§ **GIVEN ENTRIES**:

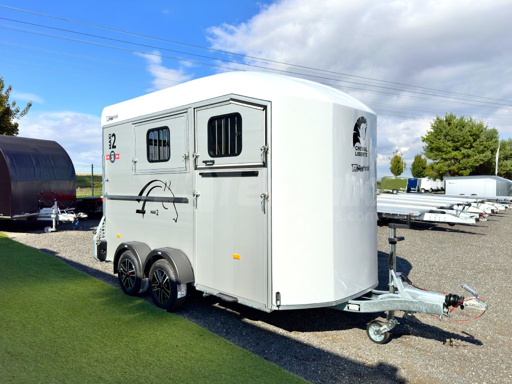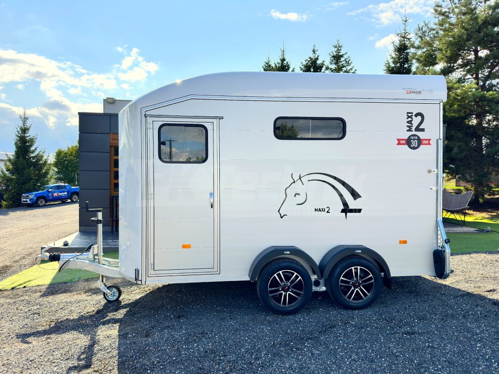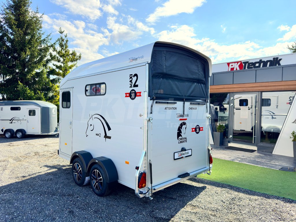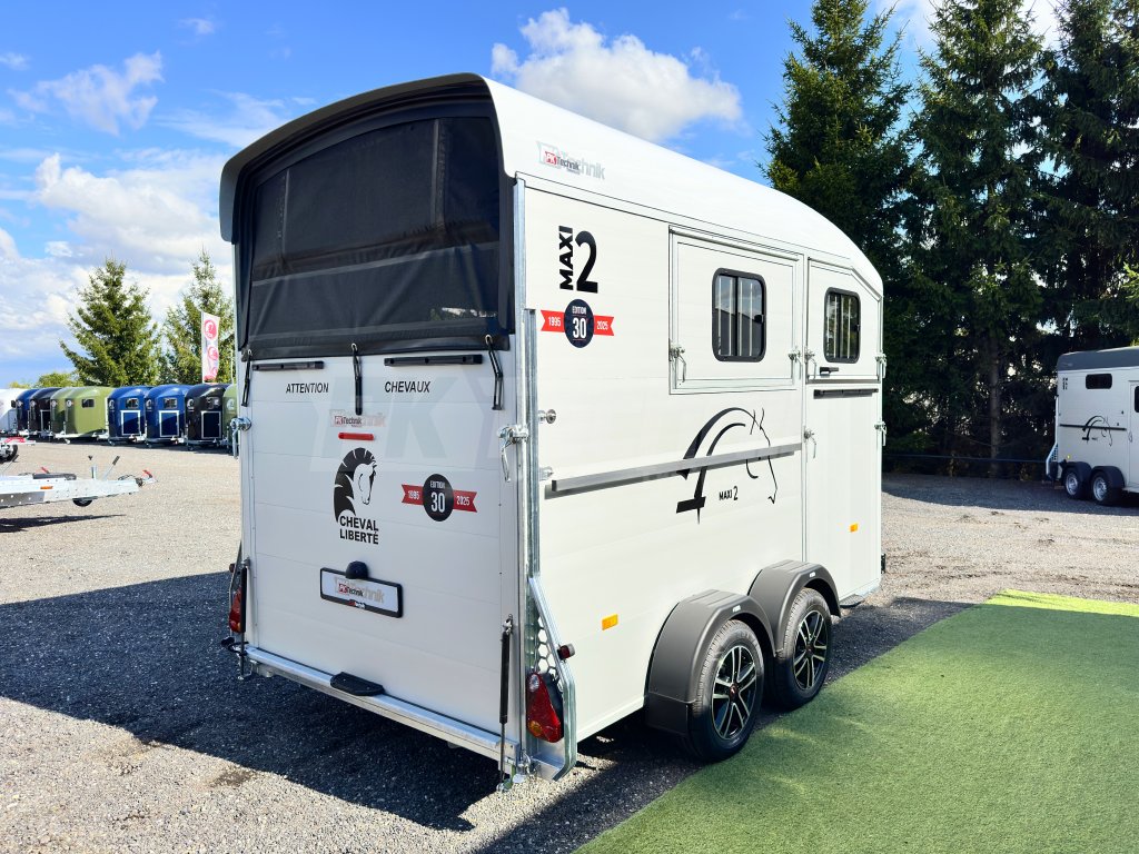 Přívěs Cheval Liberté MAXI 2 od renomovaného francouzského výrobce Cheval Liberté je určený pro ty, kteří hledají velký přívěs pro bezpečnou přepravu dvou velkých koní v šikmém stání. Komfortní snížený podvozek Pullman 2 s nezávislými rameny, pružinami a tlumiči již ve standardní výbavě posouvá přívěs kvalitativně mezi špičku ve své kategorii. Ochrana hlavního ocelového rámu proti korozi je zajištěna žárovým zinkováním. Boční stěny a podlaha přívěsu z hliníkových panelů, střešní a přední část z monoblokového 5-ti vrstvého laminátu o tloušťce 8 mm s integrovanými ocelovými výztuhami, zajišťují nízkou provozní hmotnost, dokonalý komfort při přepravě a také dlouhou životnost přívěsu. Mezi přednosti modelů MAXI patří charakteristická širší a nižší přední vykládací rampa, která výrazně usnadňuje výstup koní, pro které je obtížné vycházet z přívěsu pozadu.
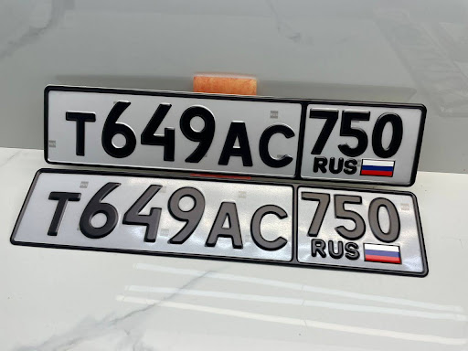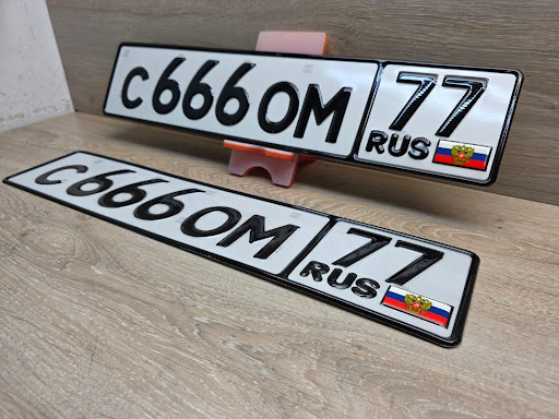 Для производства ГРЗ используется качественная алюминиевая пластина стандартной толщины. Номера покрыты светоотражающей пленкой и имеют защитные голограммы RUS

---

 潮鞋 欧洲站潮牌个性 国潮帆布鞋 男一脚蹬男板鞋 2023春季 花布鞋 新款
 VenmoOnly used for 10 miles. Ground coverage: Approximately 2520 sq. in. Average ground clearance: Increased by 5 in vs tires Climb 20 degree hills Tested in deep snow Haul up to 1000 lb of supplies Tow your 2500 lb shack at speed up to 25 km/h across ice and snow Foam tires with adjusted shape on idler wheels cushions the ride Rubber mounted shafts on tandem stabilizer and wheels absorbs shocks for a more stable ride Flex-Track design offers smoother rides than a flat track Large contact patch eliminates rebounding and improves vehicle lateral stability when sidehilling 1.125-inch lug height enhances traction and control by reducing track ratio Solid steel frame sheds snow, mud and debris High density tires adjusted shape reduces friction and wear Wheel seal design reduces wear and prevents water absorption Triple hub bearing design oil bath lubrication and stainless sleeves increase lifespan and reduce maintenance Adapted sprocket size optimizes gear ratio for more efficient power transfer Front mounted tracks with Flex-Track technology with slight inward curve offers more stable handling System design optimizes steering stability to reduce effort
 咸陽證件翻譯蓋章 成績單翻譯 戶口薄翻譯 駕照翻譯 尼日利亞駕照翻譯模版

...

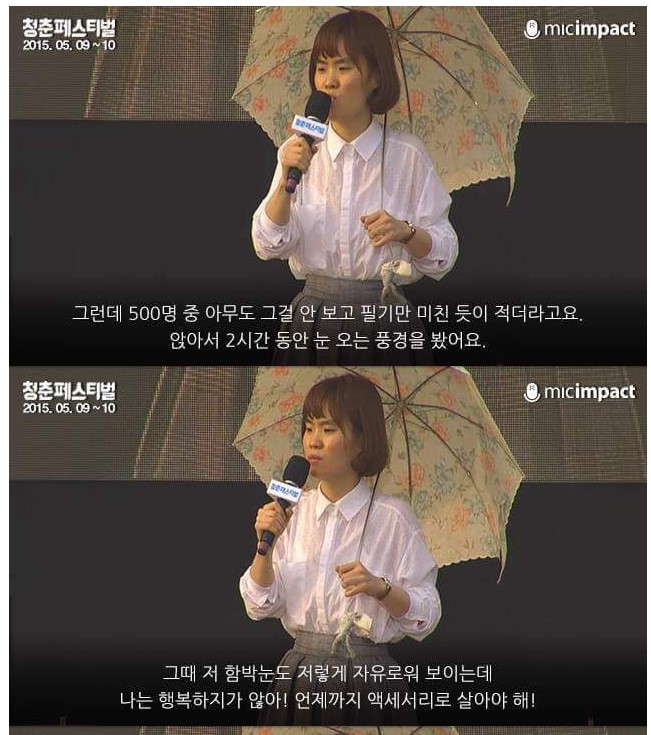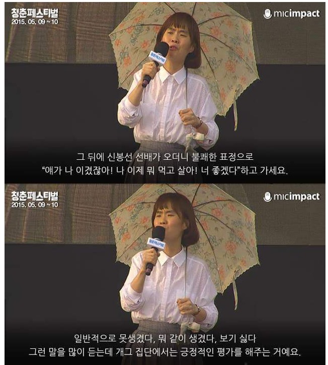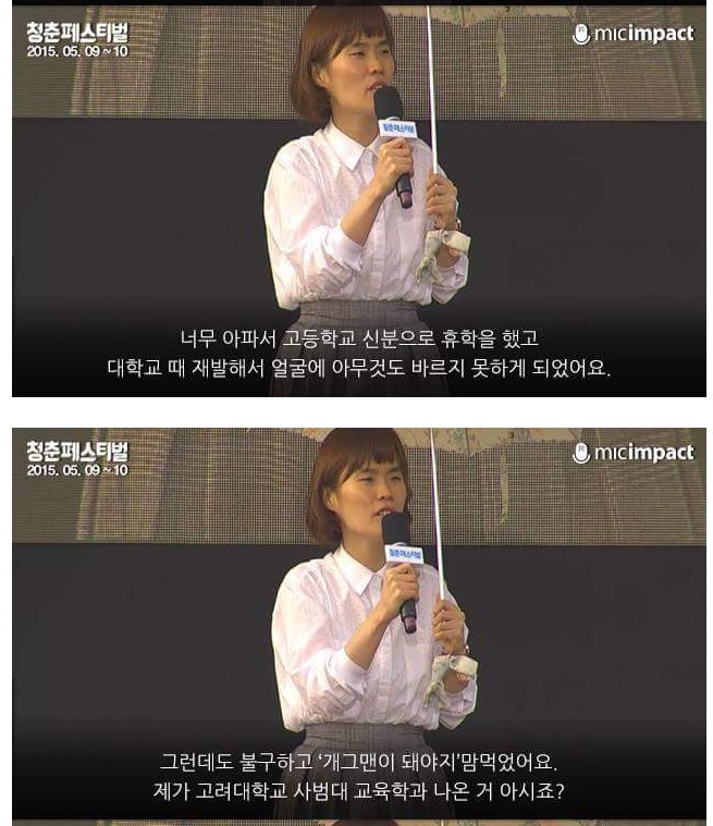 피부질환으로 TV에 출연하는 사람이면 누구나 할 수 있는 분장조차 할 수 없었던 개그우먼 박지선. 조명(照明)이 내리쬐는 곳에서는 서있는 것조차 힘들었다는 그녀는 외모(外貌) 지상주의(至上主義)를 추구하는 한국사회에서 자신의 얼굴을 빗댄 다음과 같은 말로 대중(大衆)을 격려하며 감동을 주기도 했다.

§ **PROBLEM DESCRIPTION**:
Copy exactly the lines of the listing above between the one holding "Přívěs Cheval Liberté" and the one holding "Для производства ГРЗ", inclusive; omit all pictures.

§ **EXERCISE OUTPUT**:
 Přívěs Cheval Liberté MAXI 2 od renomovaného francouzského výrobce Cheval Liberté je určený pro ty, kteří hledají velký přívěs pro bezpečnou přepravu dvou velkých koní v šikmém stání. Komfortní snížený podvozek Pullman 2 s nezávislými rameny, pružinami a tlumiči již ve standardní výbavě posouvá přívěs kvalitativně mezi špičku ve své kategorii. Ochrana hlavního ocelového rámu proti korozi je zajištěna žárovým zinkováním. Boční stěny a podlaha přívěsu z hliníkových panelů, střešní a přední část z monoblokového 5-ti vrstvého laminátu o tloušťce 8 mm s integrovanými ocelovými výztuhami, zajišťují nízkou provozní hmotnost, dokonalý komfort při přepravě a také dlouhou životnost přívěsu. Mezi přednosti modelů MAXI patří charakteristická širší a nižší přední vykládací rampa, která výrazně usnadňuje výstup koní, pro které je obtížné vycházet z přívěsu pozadu.
 Для производства ГРЗ используется качественная алюминиевая пластина стандартной толщины. Номера покрыты светоотражающей пленкой и имеют защитные голограммы RUS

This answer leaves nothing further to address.